**ENTRIES PROVIDED**
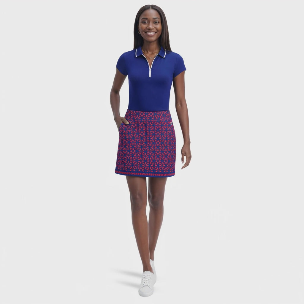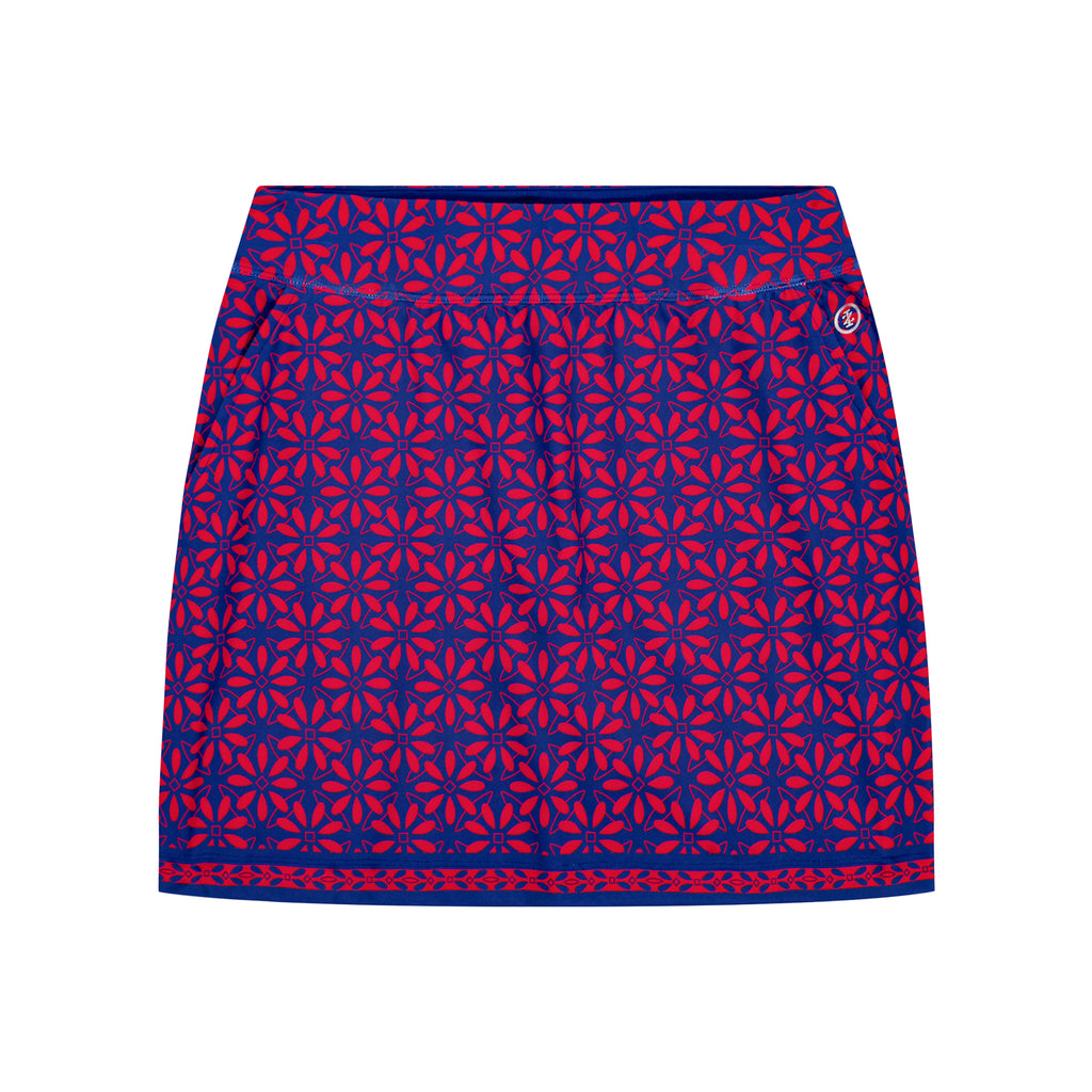 The Bree Printed Skort features a printed woven shell, performance stretch, and A-line styling. Finished with built-in knit shorts, side pockets, and a 17" length. Machine washable for easy care.
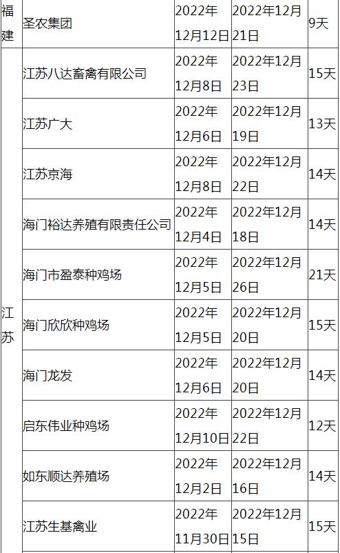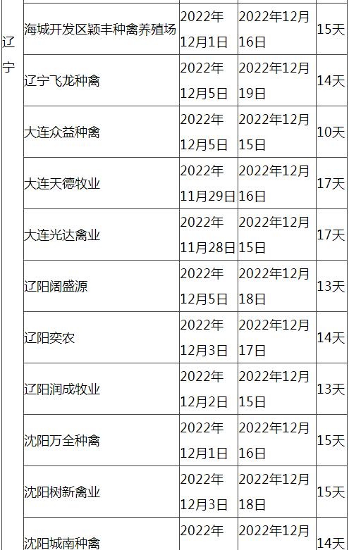 近期種蛋市場連續(xù)下滑至低位后穩(wěn)定,下滑的主要原因就是各種禽企業(yè)為了避開春節(jié)期間屠宰企業(yè)放假,因此個種禽企業(yè)根據各自計劃進行了種蛋的停孵,雞苗的停苗時間及避開春節(jié)之后的恢復出苗時間也相應進行了確定,本文就東北地區(qū)、河南、福建、江蘇市場76家種禽企業(yè)做了調研,進行了停苗期的統(tǒng)計:
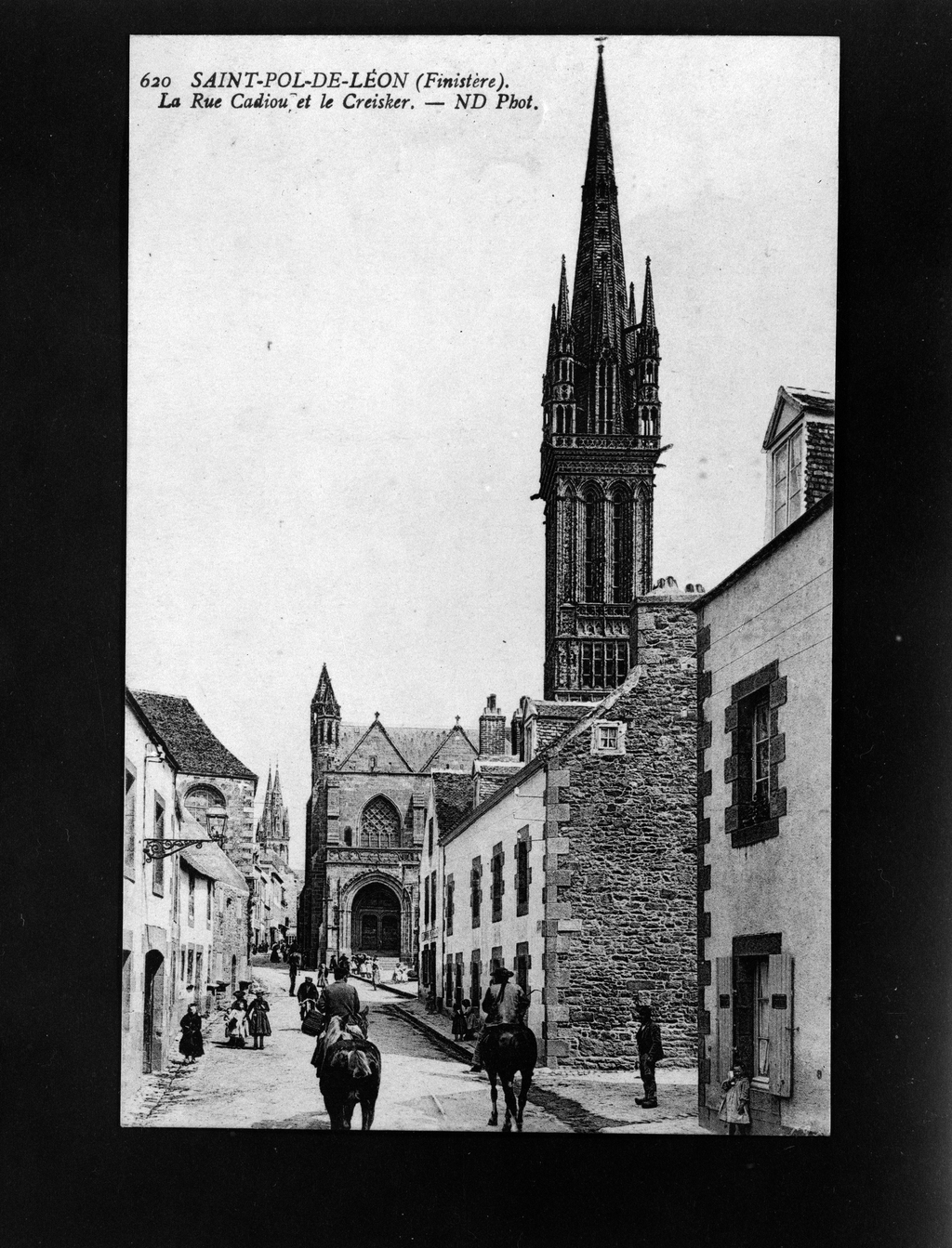 La rue Cadiou et le Creisker. Repro. Carte postale ancienne (A.D. Finistère)Immatriculation
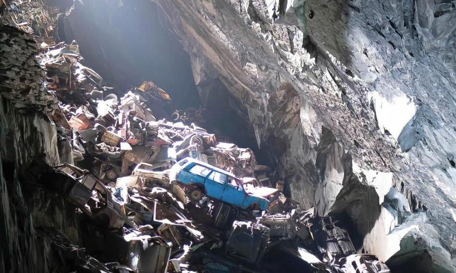 震撼!英國探險家加雷斯 歐文(Gareth Owen)在威爾士山脈的一處神秘洞穴發現了數百輛舊車殘骸,并將這一神秘畫面拍攝了下來。
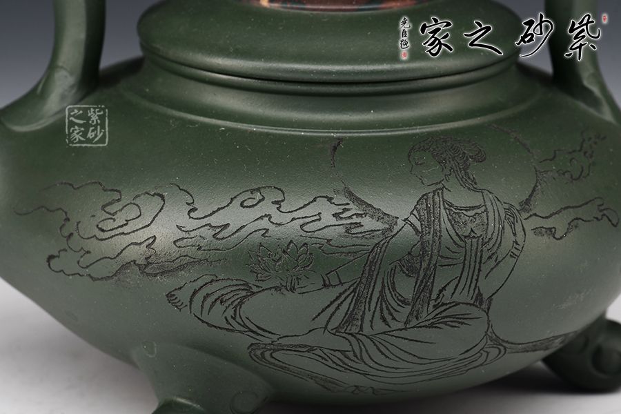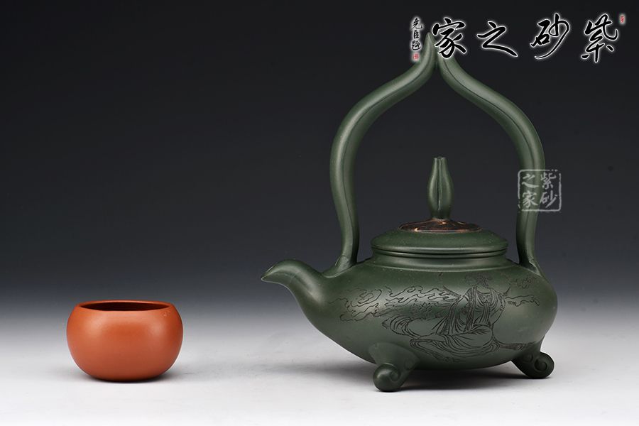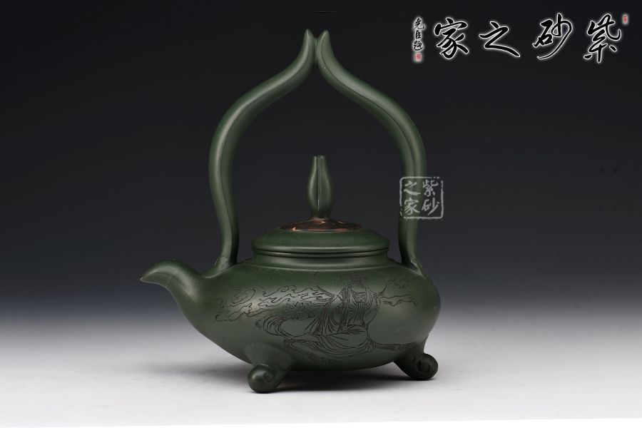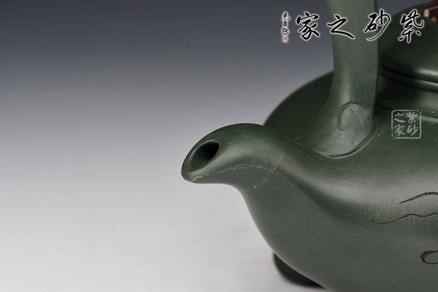 簡介:綠泥,玩者暱稱“綠豆砂泥”,古云“豆碧色”,泥色酷似綠豆皮,澹草綠。帶本山綠泥細黃砂,清麗出眾、雅俗共賞。所制壺品質感樸拙,砂質細膩而富有顆粒美感。壺品色澤米黃泛青,泡養(yǎng)后逐步轉為溫潤的亮色,包漿感好而易于泡養(yǎng),發(fā)幽然青光。產于黃龍山礦脈,是紫砂泥中的夾脂,故有“泥中泥”之稱。產量不多,泥質較嫩,耐火力也比紫泥為低。原礦色澤為青灰泛綠,成片巖狀或粉末狀,以手拿之即會沾染上原礦粉末顏色。也常作為胎身外面的粉料或涂料,使紫砂陶器皿的顏色更為多彩。
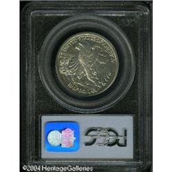 1938 50C PR64 PCGS. Nearly full brilliance is emit <B>1938 50C PR64 PCGS.</B></I> Nearly full brilliance is emitted from virtually unabraded surfaces. What appears to be the faint traces of a fingerprint is located in the left obverse field. <BR><BR><B>Important notice:</B> Heritage usually auctions material at the rate of 200-250 lots per hour. On some occasions eBay Live bid software or the Internet may not be able to keep up with the pace of the auction. We recommend placing a realistic absentee bid now as insurance to avoid disappointment. Occasionally the auctioneer may eliminate or reject an eBay Live bid, and the auctioneer may also reopen a lot after the close of the eBay live bidding (usually because we missed an audience bid), and may reject your bid even if it shows you as the winning bidder. By bidding via eBay Live, you agree that Heritage may award the lot to another bidder at its sole discretion under the circumstances described above or any other reasonable circumstances. Since eBay bids are not shown to us until we open the lot on the floor, we treat those bids just like floor bids. In most cases the floor responds before the eBay bid is presented to us, due to Internet lag time, so for consistency we have made it a policy that floor bids are always considered first over tie eBay live bids. Also please note that all Heritage lots purchased through eBay Live carry a 20% Buyer's Premium. Please make sure you read the Terms and Conditions before you bid. This lot is being auctioned in conjunction with a live floor auction by Heritage Galleries & Auctioneers. All final auction and invoice information will be supplied by Heritage Galleries & Auctioneers, and all other information should be considered preliminary. Lot:6289

**TRY IT**
When you set down the material above, keep every word exact and include no pictures.

**WRITTEN RESPONSE**
 The Bree Printed Skort features a printed woven shell, performance stretch, and A-line styling. Finished with built-in knit shorts, side pockets, and a 17" length. Machine washable for easy care.
 近期種蛋市場連續(xù)下滑至低位后穩(wěn)定,下滑的主要原因就是各種禽企業(yè)為了避開春節(jié)期間屠宰企業(yè)放假,因此個種禽企業(yè)根據各自計劃進行了種蛋的停孵,雞苗的停苗時間及避開春節(jié)之后的恢復出苗時間也相應進行了確定,本文就東北地區(qū)、河南、福建、江蘇市場76家種禽企業(yè)做了調研,進行了停苗期的統(tǒng)計:
 La rue Cadiou et le Creisker. Repro. Carte postale ancienne (A.D. Finistère)Immatriculation
 震撼!英國探險家加雷斯 歐文(Gareth Owen)在威爾士山脈的一處神秘洞穴發現了數百輛舊車殘骸,并將這一神秘畫面拍攝了下來。
 簡介:綠泥,玩者暱稱“綠豆砂泥”,古云“豆碧色”,泥色酷似綠豆皮,澹草綠。帶本山綠泥細黃砂,清麗出眾、雅俗共賞。所制壺品質感樸拙,砂質細膩而富有顆粒美感。壺品色澤米黃泛青,泡養(yǎng)后逐步轉為溫潤的亮色,包漿感好而易于泡養(yǎng),發(fā)幽然青光。產于黃龍山礦脈,是紫砂泥中的夾脂,故有“泥中泥”之稱。產量不多,泥質較嫩,耐火力也比紫泥為低。原礦色澤為青灰泛綠,成片巖狀或粉末狀,以手拿之即會沾染上原礦粉末顏色。也常作為胎身外面的粉料或涂料,使紫砂陶器皿的顏色更為多彩。
 1938 50C PR64 PCGS. Nearly full brilliance is emit <B>1938 50C PR64 PCGS.</B></I> Nearly full brilliance is emitted from virtually unabraded surfaces. What appears to be the faint traces of a fingerprint is located in the left obverse field. <BR><BR><B>Important notice:</B> Heritage usually auctions material at the rate of 200-250 lots per hour. On some occasions eBay Live bid software or the Internet may not be able to keep up with the pace of the auction. We recommend placing a realistic absentee bid now as insurance to avoid disappointment. Occasionally the auctioneer may eliminate or reject an eBay Live bid, and the auctioneer may also reopen a lot after the close of the eBay live bidding (usually because we missed an audience bid), and may reject your bid even if it shows you as the winning bidder. By bidding via eBay Live, you agree that Heritage may award the lot to another bidder at its sole discretion under the circumstances described above or any other reasonable circumstances. Since eBay bids are not shown to us until we open the lot on the floor, we treat those bids just like floor bids. In most cases the floor responds before the eBay bid is presented to us, due to Internet lag time, so for consistency we have made it a policy that floor bids are always considered first over tie eBay live bids. Also please note that all Heritage lots purchased through eBay Live carry a 20% Buyer's Premium. Please make sure you read the Terms and Conditions before you bid. This lot is being auctioned in conjunction with a live floor auction by Heritage Galleries & Auctioneers. All final auction and invoice information will be supplied by Heritage Galleries & Auctioneers, and all other information should be considered preliminary. Lot:6289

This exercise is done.